Public First-affiliated PACs, including Jobs and Democracy and Defending Our Values, have spent $16.6 million so far on congressional races in states including North Carolina, Texas and Utah, according to OpenSecrets. In New York, Public First-linked groups and other tech-funded PACs, including crypto billionaire Chris Larsen’s You Can Push Back, have spent millions countering the anti-Bores campaign.

Brad Carson, a former Democratic congressman from Oklahoma who founded Public First, described the race to The Guardian as “the AI civil war.” He said Leading the Future’s message was: regulate AI, “and we will find you, wherever you are.”

The spending reflects broader divides inside the AI industry. OpenAI and Anthropic compete for funding, employees and customers, and NPR reported that both are planning large initial public offerings later this year. Molly White, an independent researcher and tech industry critic, said the political fight “really mirrors the corporate competition between OpenAI and Anthropic” and their differing approaches to AI development and safety.

The money is not limited to New York. Leading the Future has spent $23.5 million on dozens of races through super PACs including Think Big and American Mission, according to OpenSecrets.
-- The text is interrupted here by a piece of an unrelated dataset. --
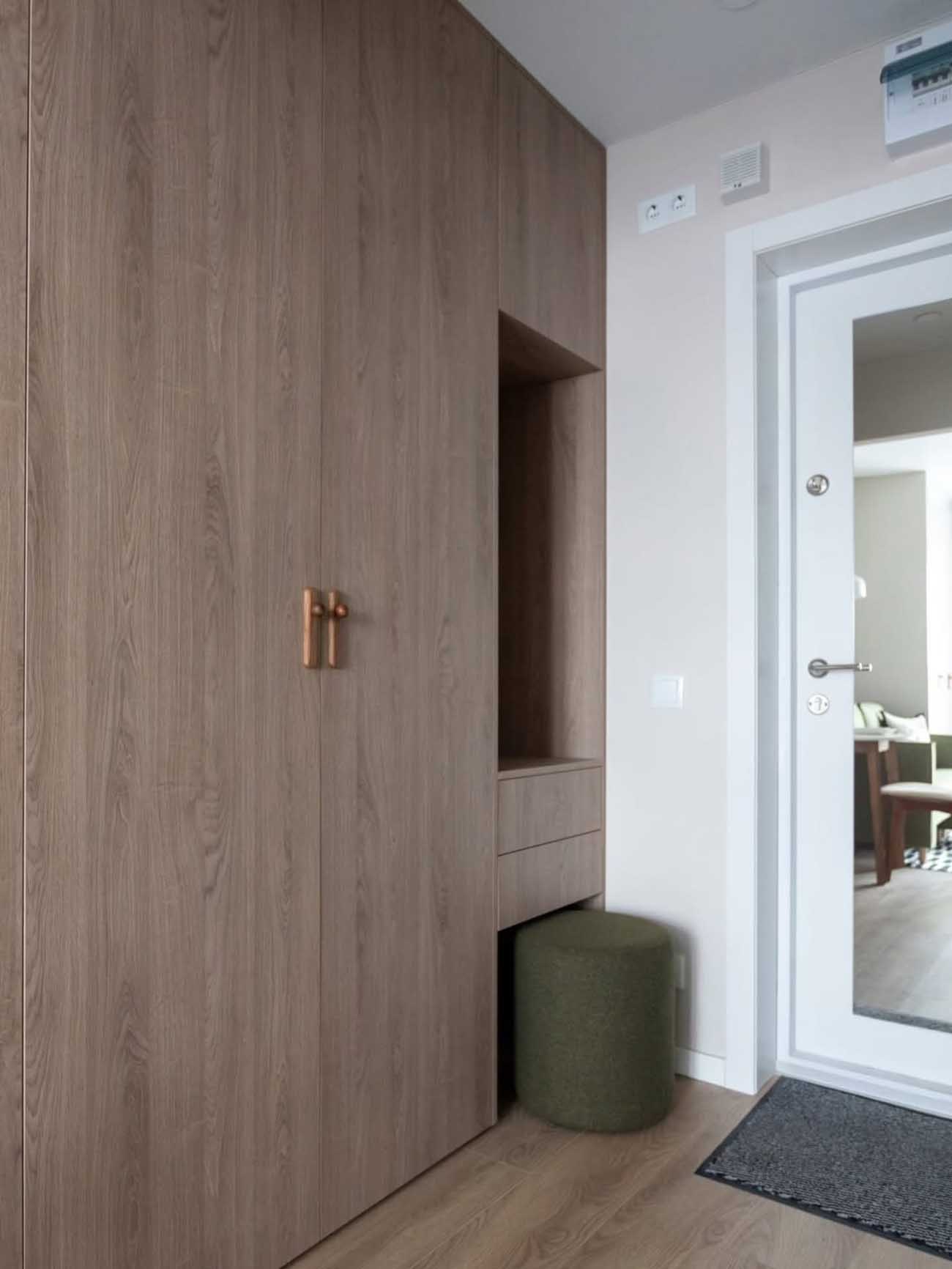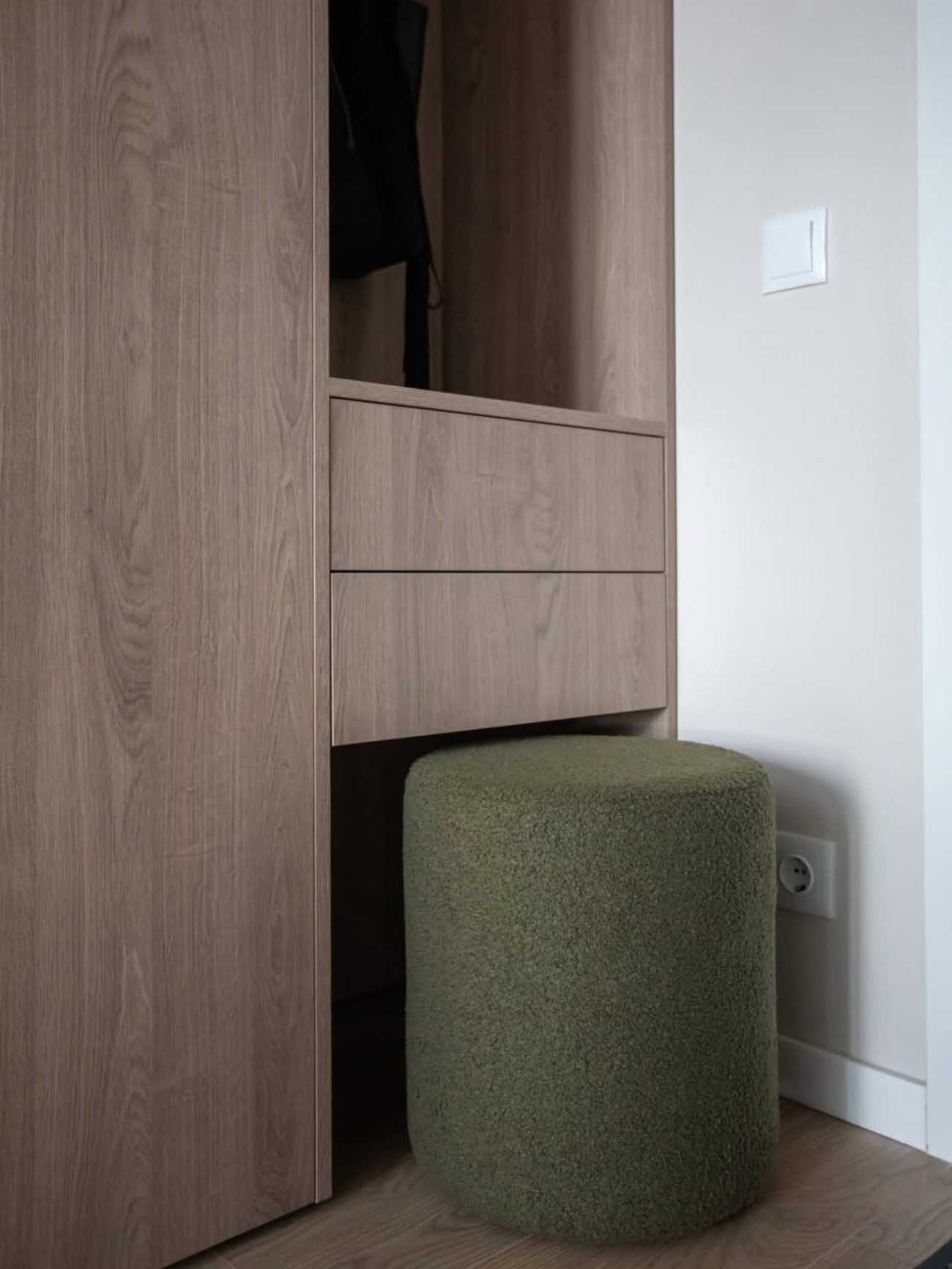 Az előszobában nincsenek szabadon álló elemek; a tárolást egy teljes belmagasságig futó, faerezetes frontokkal ellátott egyedi bútor oldja meg. Ez a beépített szekrényfal nemcsak a kabátoknak ad helyet, hanem egy okos kialakítású, nyitott fülkét is rejt. A fülke alatt fiókok gondoskodnak az apróságok rendszerezéséről, míg a benne elhelyezett henger alakú puff praktikus ülőhely a cipőhúzáshoz. A bejárati ajtó tükrös betétje szintén térnövelő hatású, és kiváltja a külön fali tükröt, így a szűk közlekedő falai szabadon maradhattak.

Public First has backed candidates in Utah, Texas, Oklahoma and North Carolina, including lawmakers involved in AI policy. Meta is funding super PACs aimed at AI policy in Texas and California, while Google and Meta are backing another California-focused super PAC, NPR reported.

Congress has not passed broad AI legislation despite bipartisan agreement that the technology requires a policy response. “Almost everyone in Washington agrees AI is transformative and requires some kind of policy response,” said Nicole Alvarez, a senior tech policy analyst at the Center for American Progress. “The real fight is what governance looks like.”
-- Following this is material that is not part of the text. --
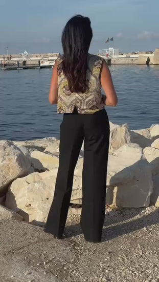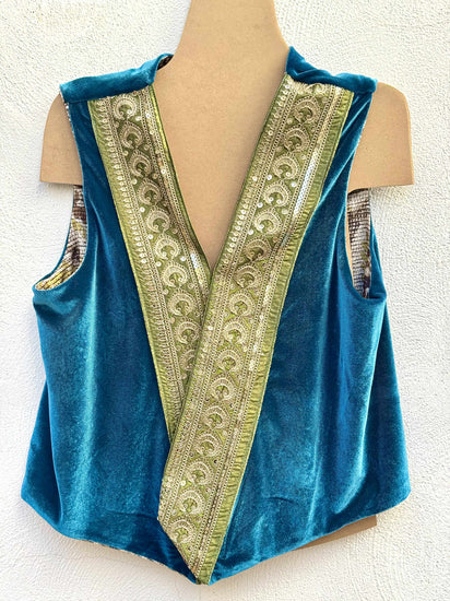 Il Turchese Samarcanda è un gilet che trasforma ogni outfit. Sul lato in velluto, risalta con pantaloni ampi color cammello o una gonna lunga in seta, perfetto per serate o eventi speciali. Sul lato a disegno tipo broccato, assume un carattere più bohémien e quotidiano: ideale su una camicia bianca, un denim morbido o un abito di lino estivo.
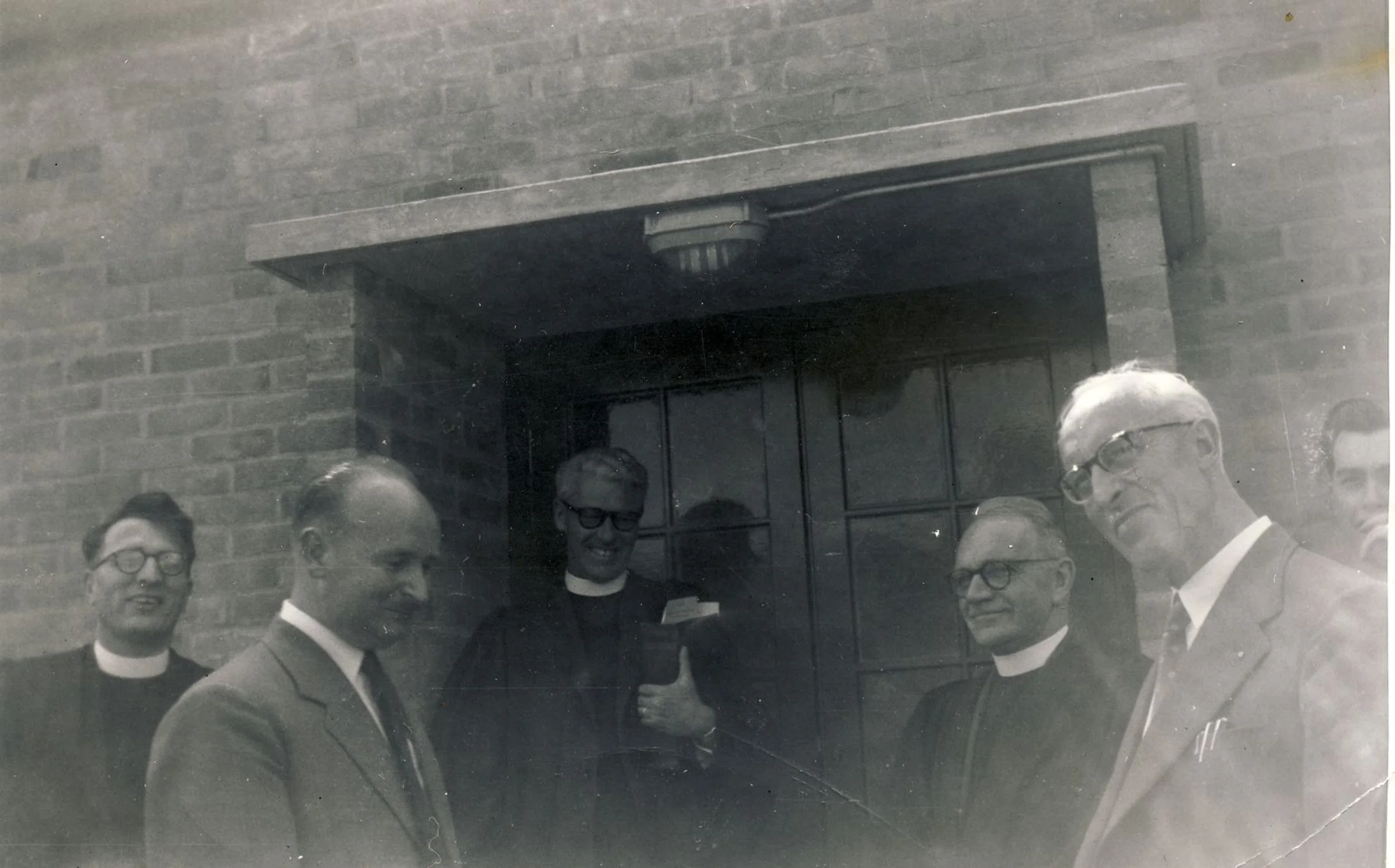 A few men, three with dog collars, outside the doors to the new Sunday School Hall which was opened on Saturday, 6th June 1959.

AI firms are also spending heavily on lobbying. OpenAI, Meta, Google parent Alphabet and Nvidia spent a combined $50.9 million lobbying Congress in 2025, according to Issue One. Anthropic more than quadrupled its first-quarter lobbying spending from a year earlier to $1.56 million, while OpenAI nearly doubled its outlays to $1.02 million.

“This type of spending really helps shape who is at the table and what perspectives they are bringing into those conversations when new legislation is crafted,” said Michael Beckel, Issue One’s director of money in politics reform.